The yellowish benchmark that speeds up significantly for 0.6.1 is the
elegantly named bfs_filt_padded_fused.
The speedup is not due to the Futhark compiler doing a much better
job, but instead due to the benchmark itself being rewritten in a
more efficient way. This is an unavoidable source of noise in this
data. Similarly, the orange line speeding up for 0.11.1 is kmeans,
and the change comes from modifying the benchmark to use the then-new
reduce_by_index
function (which is explained in detail in a paper
we recently got accepted for SC20!).
The cyan line that sees a slowdown for 0.12.1 and then a speedup for 0.12.2 is cfd, and the cause was accidentally breaking part of the compiler pass that rearranges data in memory such that it can be efficiently traversed by GPU kernels. This is one of the absolute key optimisations, typically with around a factor eight impact on performance if you get it wrong. It would be nice if we had an automatic system to detect such major regressions.
The red program slowing down significantly for 0.15.1 is lud, and it looks worse than it is. What happened was that we replaced a hacked-up implementation with a much nicer one, but one which requires incremental flattening to run fast - and incremental flattening was not enabled by default until recently (and still not in any released version).
Something quite tragic and embarrassing happened with 0.15.7 and 0.15.8, where I tweaked the memory allocator in ways that had unforeseen repercussions, and it took a while to fix it.
Many benchmarks became significantly faster on nightly than they have ever been before. This is partly attributable to Philips further tweaking of the allocator, and partly due to now using the incremental flattening technique, which can result in significant speedup for programs that use nested parallelism.

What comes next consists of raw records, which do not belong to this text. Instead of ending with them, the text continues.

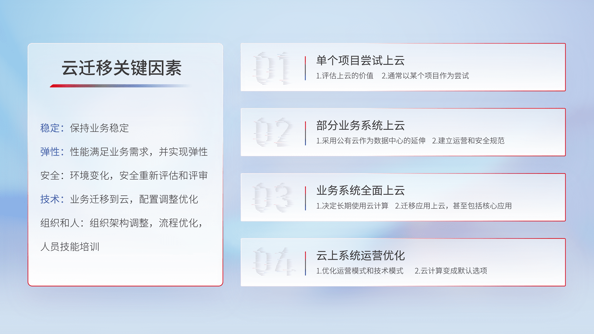 结合实际业务,,,从规划设计、、、云平台选型、、、云原生改造、、、、数据迁移、、、集成交付,,,,迁移全过程为客户识别最佳上云路径,,,做好风险识别管理,,设计网络架构、、、身份权限、、安全审计合规、、操作审计、、、日志审计、、、监控告警策略、、多站点容灾设计等,,对云上基础设施进行整体规划,,提升IT治理水平,,,以满足弹性、、、、高可用、、高性能的需求。。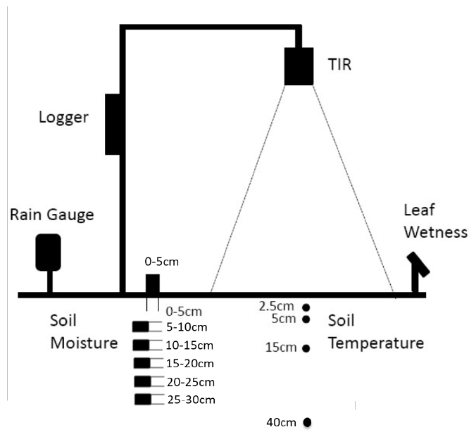 Permanent monitoring stations are supplemented by identical temporary monitoring stations, three at the northern focus area and one at the southern focus area. These short-term monitoring stations are instrumented with a rain gauge, thermal infrared sensor (Apogee), leaf wetness sensor (MEA LWS v1.1), six soil moisture sensors (Hydraprobes; 0-5 cm, 5-10 cm, 10-15cm, 15-20cm, 20-25cm and 25-30 cm) and four soil temperature sensors (MEA6507A; 2.5 cm, 5 cm, 15 cm and 40 cm depth) in order to provide time series data during the sampling period.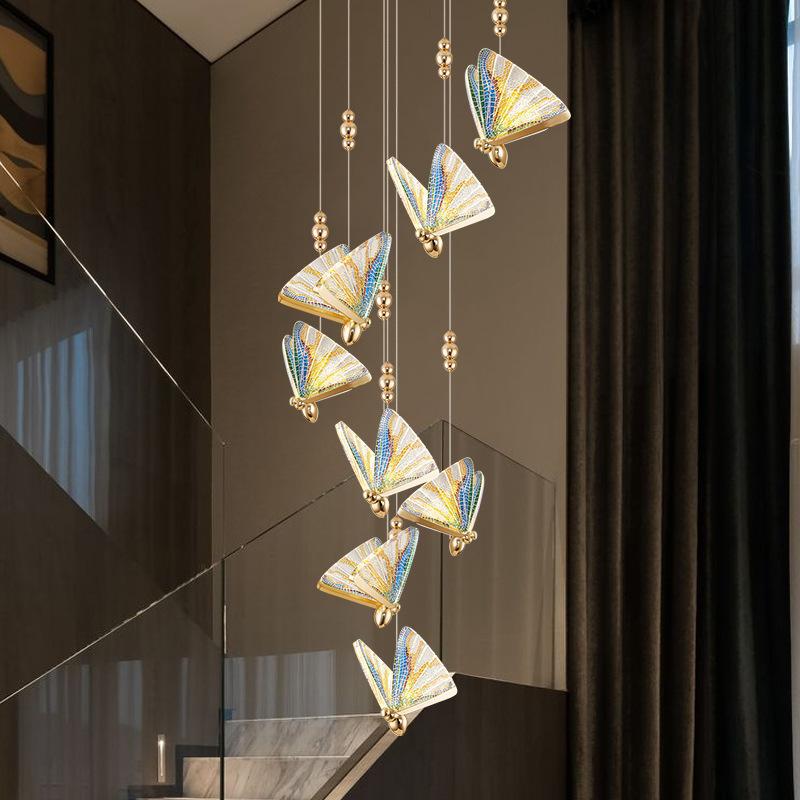 ホテルレストランライトloft創意階段感軽豪華個性バー垂直線複式蝶吊り線照明器具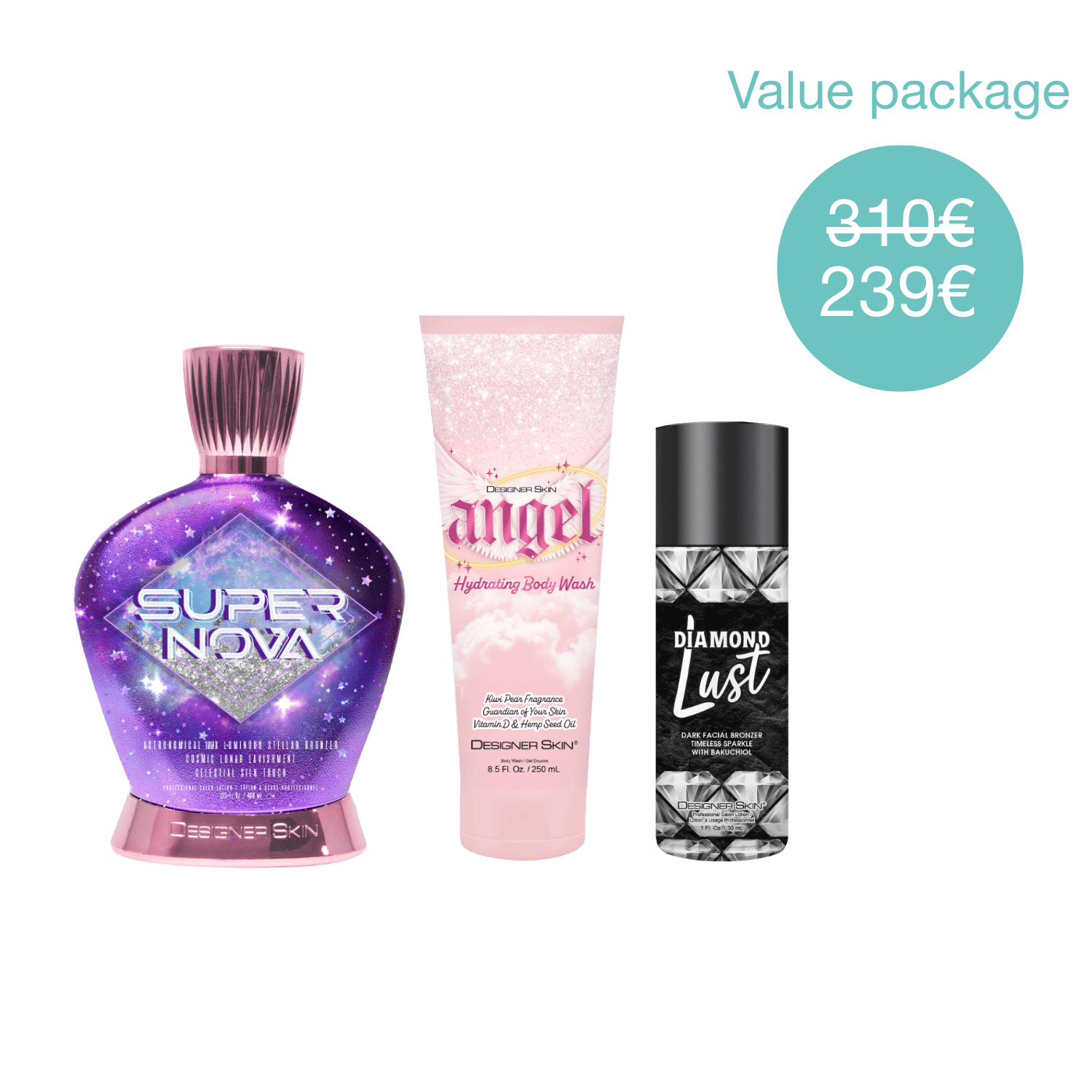 Saavuta erakordselt tume, sügav ja niisutatud päevitus näole ja kehale – ühe tervikliku komplektiga. See value-komplekt on loodud intensiivse päevituse armastajale, kes soovib luksuslikku tulemust ja naha eest hoolt kandes.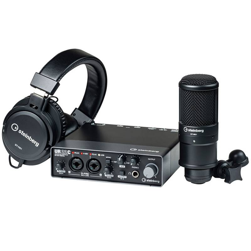 Das UR22C Recording Pack besteht aus einem zweikanaligen Audio-Interface (Steinberg UR22C) mit USB-Typ C-Anschluss, einem Kondensatormikrofon (ST-M01) inkl. Kabel und einem Monitor-Kopfhörer (ST-H01). Das Interface überzeugt durch zwei Class-A D-PRE Mikrofonvorverstärker mit +48 V Phantomspeisung und latenzfreiem DSP-unterstütztem Monitoring. Um direkt loslegen zu können mit den ersten Aufnahmen, ist im UR22C Recording Pack eine umfassende Software-Suite dabei. Somit ist das UR22C Recording ein benutzerfreundliches Produktionssystem für Mac, PC und iPad. Das Interface ist abwärtskompatibel zu USB 2.0 und 3.0, hat einen Mono-Schalter (Input 1 + 2 als ein Stereo- oder zwei Monokanäle) und bietet eine Loopbackfunktion. enthaltene Software: - Cubase AI - Cubasis LE - dspMixFx UR-C Mixing-Software - Steinberg Plus · USB Audiointerface · Bauform: Desktop · Unterstützte Betriebssysteme: Mac OS 10.13 (und höher), iOS 10-14, Windows 10 (und höher) · Gleichzeitig nutzbare Eingangskanäle: 2 · · Audio Interface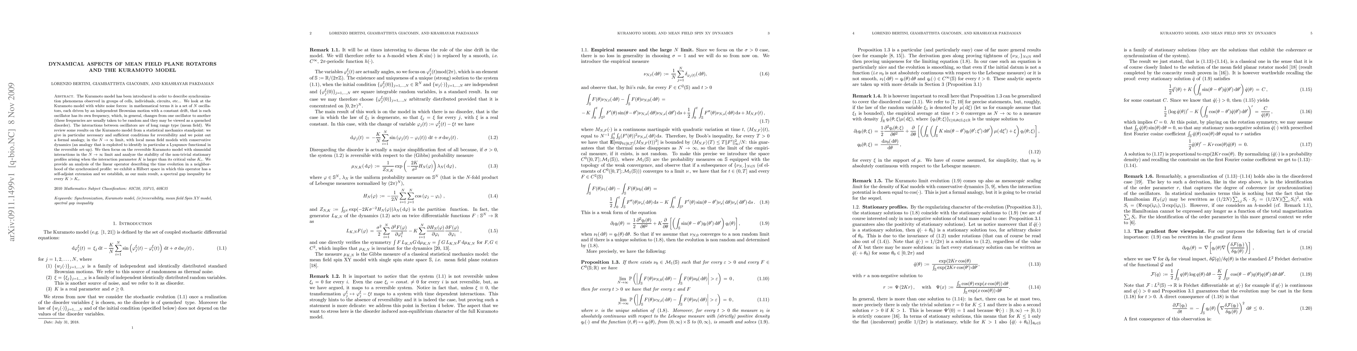 This paper explores the Kuramoto model with white noise, focusing on synchronization phenomena in a system of N oscillators with random frequencies. It establishes conditions for reversibility and analyzes the stability of synchronized profiles, proving a spectral gap inequality for interactions above a critical threshold.

So that’s runtime performance, which we’ve always put effort into tracking and getting better at. What about compile times? Futhark is explicitly not designed to compile particularly fast, yet there have been times where I was so annoyed with the compile time of some program that I put effort into speeding up the compiler. However, we also add new time-consuming optimisations whenever they prove effective. So let’s look at a graph that shows relative compile time for each of the same benchmarks as before, on each version of the compiler:
The individual lines are much more tightly bundled than before, which shows as compile-times go, the changes tend to affect every program equally. (Note that this does not mean all these programs take the same time to compile - each is relative to its own fastest compilation.) One big exception is myocyte, which is by far the worst Futhark program that has ever been written. It is a more or less direct port of a C program, which we believe is a naive port of a FORTRAN 77 program, including such charming details as turning constant-size arrays into many independent variables. Ugh. The huge drop in compile time was due to a refactoring because I was simply too annoyed with having to wait so long for it.

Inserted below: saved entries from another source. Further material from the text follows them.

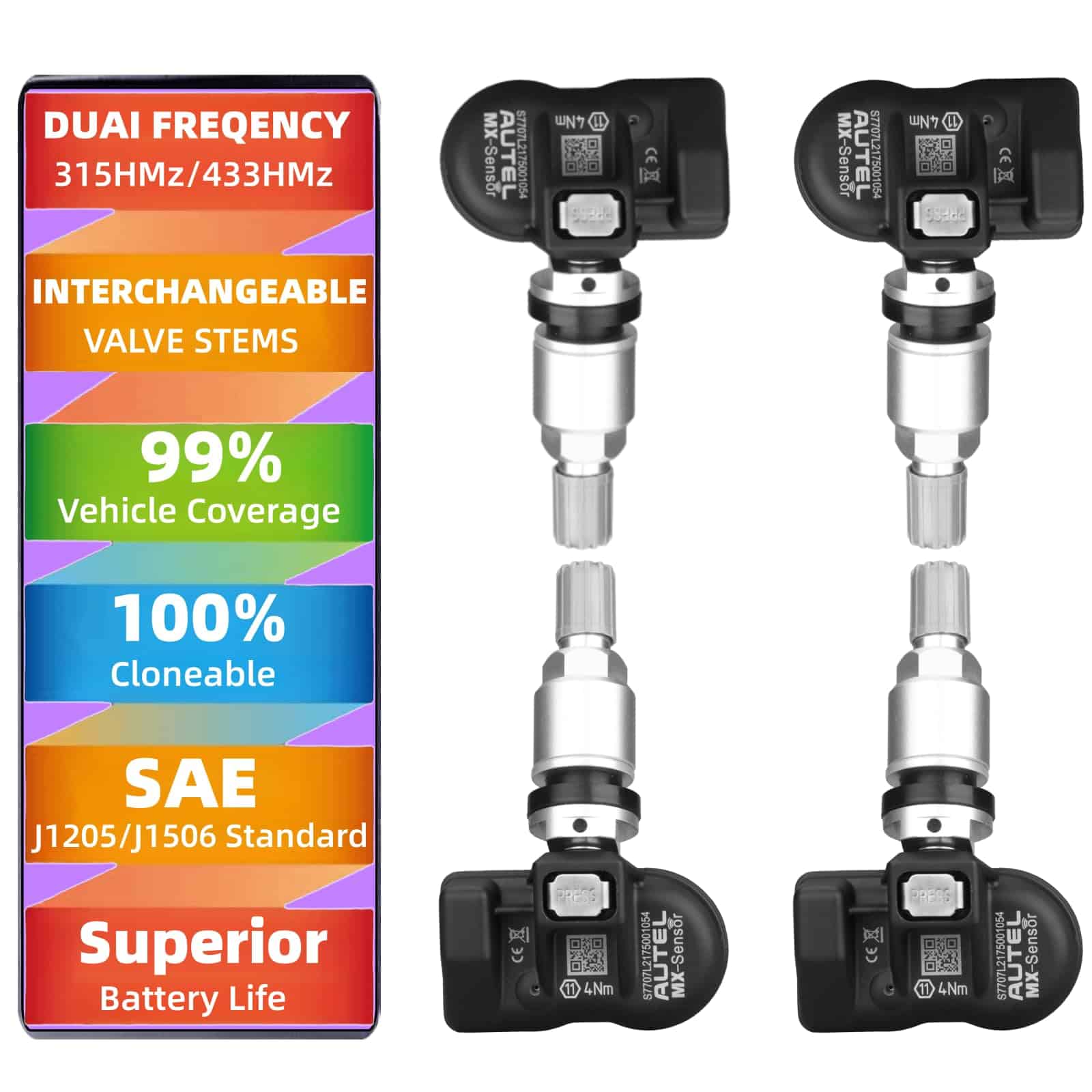 Autel MX-Sensor 2 En 1 (315 + 433MHz) Nivel OE 100% Clone-able Sensor Programable Ajuste a 98% de Vehículos de Pistas con Válvulas de Metal para TPMS, es un sensor universal programable inteligente y eficiente especialmente diseñado para el reemplazo de sensores sin una cobertura máxima de aplicaciones, facilidad de uso, ajuste de nivel OE, rendimiento y confiabilidad, ayudará a los usuarios a economizar el costo del trabajo de diagnóstico y aumentar enormemente la eficiencia de la reparación. Especificación: 1. Vida útil de la batería: 5 años 2. Temperatura de funcionamiento: -40 C 125 C 3. Temperatura de almacenamiento: -40 C t 125 C 4. Humedad de funcionamiento: 90% 5. Frecuencia de funcionamiento: 315 MHz~433MHz 6. Rango de presión máx.: 800 kPa 7. Rango de lectura de temperatura: -40 C 125 C 8. Precisión de lectura de temperatura: 5 C 9. Precisión de lectura del sensor G: 15% 10. Potencia de transmisión: 5-8dBm 11. Batería: 3.0 V 12. Dimensiones: Aprox. 42.4 24.1 16.0 mm 13. Peso del sensor sin válvula: 13g Esta versión incluye una herramienta extra EL-50448 TPMS que le proporciona funciones de reajuste y reinicio de EL-50448 TPMS. La herramienta de reajuste TPMS funciona en la mayoría de los vehículos GM (desde 2006-2019) equipados con 315/433 MHz, muy potente y fácil de usar. Dispositivo pequeño, función potente. Con este sencillo dispositivo, puedes reajustar fácilmente tu GM TPMS por ti mismo en lugar de ir a la tienda del concesionario. Ahorra tanto tiempo como dinero.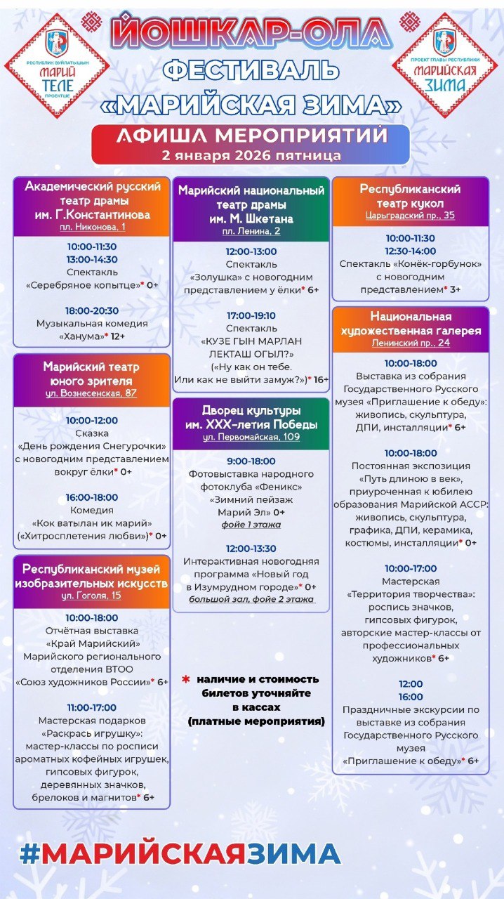 После оливье диетологи советуют больше двигаться! Проводите каникулы активно, планируйте отдых с друзьями или всей семьей вместе с «Марийской зимой». Публикуем афишу на 1-2 января.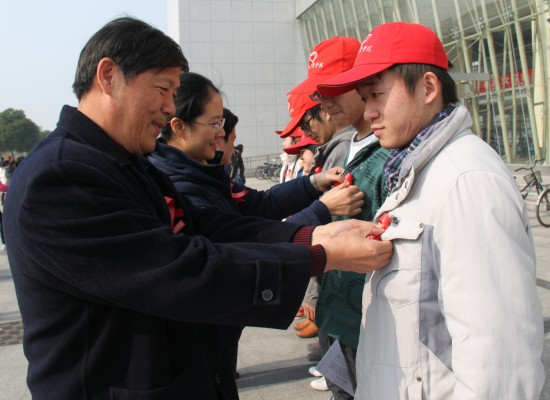 王凯全副书记,以及学生处、团委、后管处、后勤集团、宣传部负责人为志愿者佩戴红丝带

The general compile-time slowdown for 0.4.0 was due to adding support for proper higher-order functions. We use defunctionalisation, so the compiler has to spend more time cleaning up the program. Still an easy price to pay for significantly improving the language. Compile times kept creeping upwards as we taught the compiler more tricks, until version 0.11.1, where I significantly sped up the simplification engine. I didn’t use any great algorithmic tricks here, just micro-optimisation, in particular speeding up the frequent case where a simplification rule does not apply.
The major slowdown in nightly is due to incremental flattening, which duplicates code, and hence significantly increases compile times. The previous post discusses a technique we can use to avoid this duplication when we know it isn’t necessary, but since the compile time for most of these programs is still on the order of seconds, it has not been annoying in practice. At least it’s nice to see that compile times are not yet completely out of control.